_Exercise requirements:_
What you return should be every line below, word for word, and none of the images.

_Dataset section:_
======
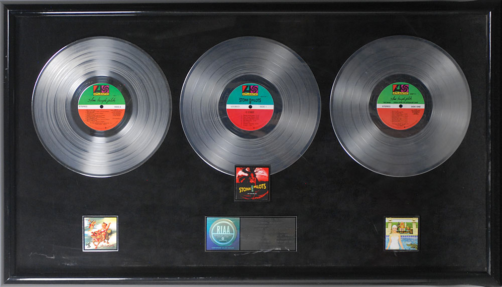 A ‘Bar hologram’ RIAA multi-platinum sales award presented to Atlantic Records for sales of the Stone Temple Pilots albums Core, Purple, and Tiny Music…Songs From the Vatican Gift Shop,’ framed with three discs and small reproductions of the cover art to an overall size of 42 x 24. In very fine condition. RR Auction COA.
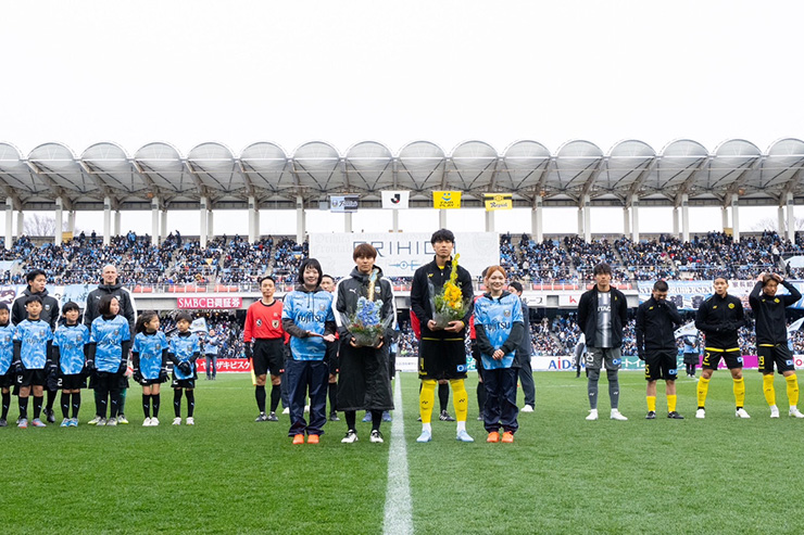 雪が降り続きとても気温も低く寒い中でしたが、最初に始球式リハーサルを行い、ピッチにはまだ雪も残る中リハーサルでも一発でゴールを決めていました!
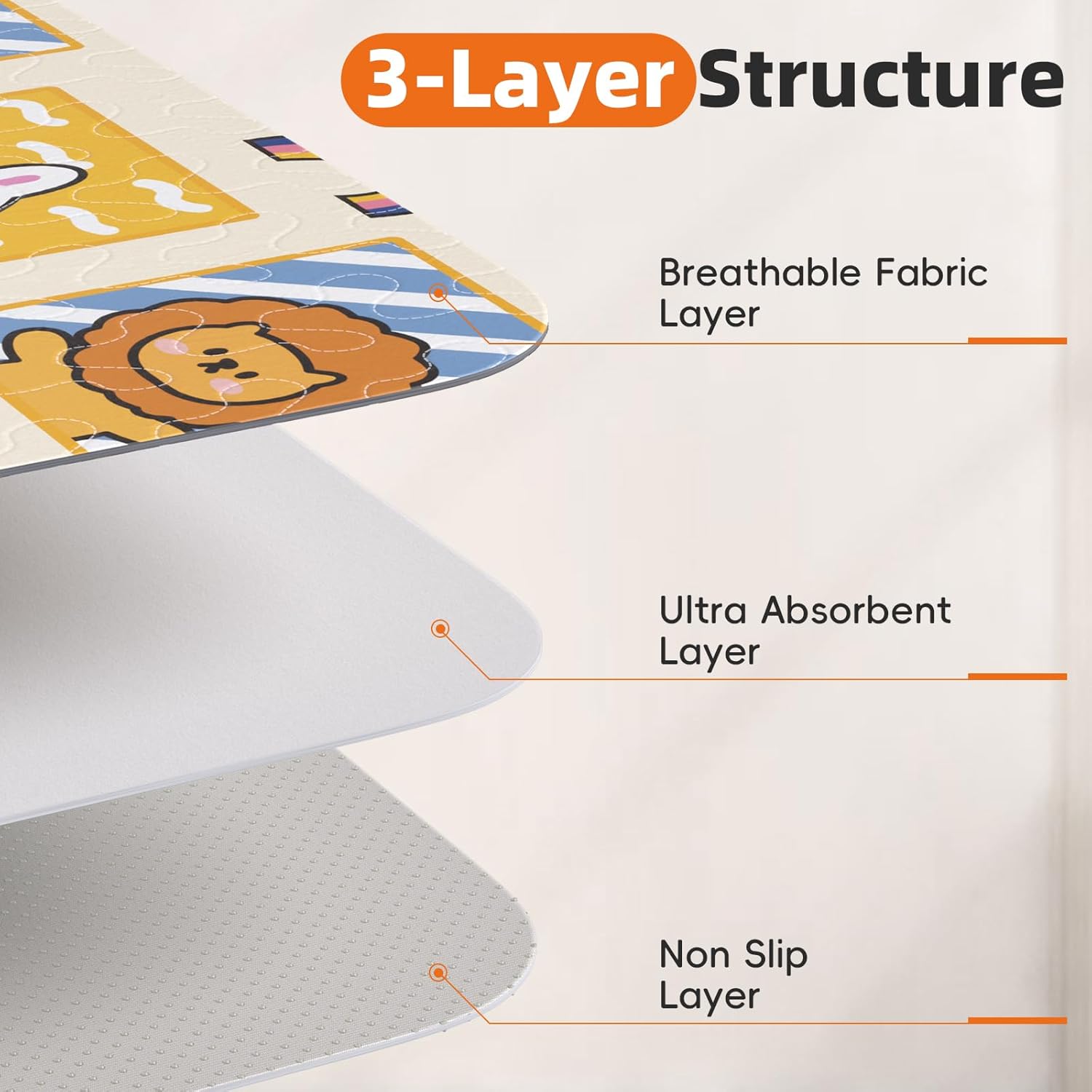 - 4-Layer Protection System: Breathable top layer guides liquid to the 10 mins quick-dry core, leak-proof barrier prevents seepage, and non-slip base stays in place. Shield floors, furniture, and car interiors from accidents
======
_Task solution:_
 A ‘Bar hologram’ RIAA multi-platinum sales award presented to Atlantic Records for sales of the Stone Temple Pilots albums Core, Purple, and Tiny Music…Songs From the Vatican Gift Shop,’ framed with three discs and small reproductions of the cover art to an overall size of 42 x 24. In very fine condition. RR Auction COA.
 雪が降り続きとても気温も低く寒い中でしたが、最初に始球式リハーサルを行い、ピッチにはまだ雪も残る中リハーサルでも一発でゴールを決めていました!
 - 4-Layer Protection System: Breathable top layer guides liquid to the 10 mins quick-dry core, leak-proof barrier prevents seepage, and non-slip base stays in place. Shield floors, furniture, and car interiors from accidents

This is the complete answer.